"Going away by the train," Doris said regretfully. "Would we were going away in a carriage! We shall leave Orelay knowing nothing of it but this suite of apartments."

"There is no reason why we should not drive," and I stopped packing my bag, and stood looking at her.

"I wonder if we should have stayed three days if we had not discovered these rooms? Dear one, I think I should not have meant so much to you in those humbler rooms: you attach much importance to these cornices and hangings."

"I should have loved you always, Doris, but I think I can love you better here," and with our bags in our hands we wandered from the bedroom into the drawing-room and stood admiring its bygone splendour. "Doris, dear, you must play me 'The Nut Bush.' I want to hear it on that old piano. Tinkle it, dear, tinkle it, and don't play 'The Nut Bush' too sentimentally, nor yet too gaily."

"Which way will you have it?" she asked; "'a true love's truth or a light love's art'?"

"I would have it dainty and fantastic as Schumann wrote it, 'only the song of a secret bird.'"

"With a pathos of loneliness in it?"

"That is it," I cried, "that is the right time to play it in, without stress on either side.... No, you mustn't leave the piano, Doris.

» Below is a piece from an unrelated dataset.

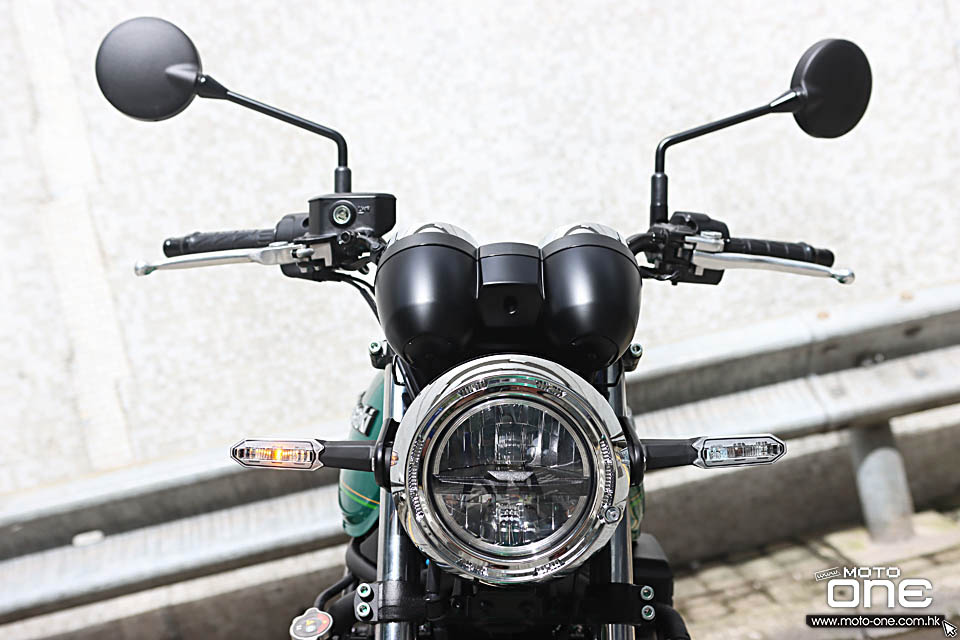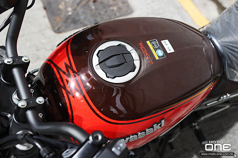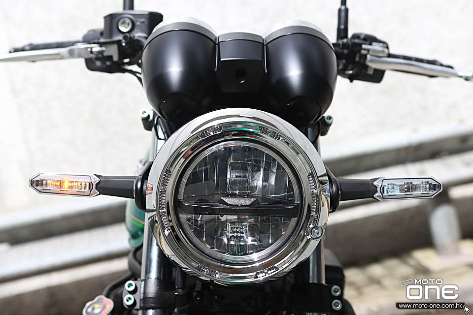 廠方為加強復古味,所以採用了大圓車頭大燈及雙圓儀錶,中間配以液晶顯示屏,既復古又現代化,車子採用了一對擁有鋼絲味的合金輪框,加上金碧輝煌的配色,使車子既有懷舊味道又不失高貴外觀;事實上,整體佈局跟Z900RS相同。

Sing me some songs. Go on singing Schumann or Schubert; there are no other songs. Let me hear you sing 'The Moonlight' or 'The Lotus-flower.' Schumann and Schubert were the singing birds of the fifties; I love their romantic sentimentalities, orange gardens, south winds, a lake with a pinnace upon it, and a nightingale singing in a dark wood by a lonely shore; that is how they felt, how they dreamed." And resigning herself to my humour, she sang song after song till at last, awaking from a long reverie of music and old association of memories, I said, "Play me a waltz, Doris; I would hear an old-time waltz played in this room; its romantic flourishes will evoke the departed spirits." And very soon, sitting in my chair with half-closed eyes, it seemed to me that I saw crinolines faintly gliding over the floor, and white-stockinged feet, sloping shoulders and glistening necks with chignons--swan-like women, and long-whiskered cavaliers wearing peg-top trousers and braided coats dancing or talking with them.... The music suddenly stopped and Doris said:

"If we are to catch our train we must go on with our packing."

"You mustn't talk to me of trains," and overcome with a Schumann-like longing and melancholy I took her in my arms, overcome by her beauty. She was perfection. No Chelsea or Dresden figure was ever more dainty, gayer, or brighter. She was Schumann and Dresden, but a Dresden of an earlier period than Schumann; but why compare her to anything? She was Doris, the very embodiment of her name.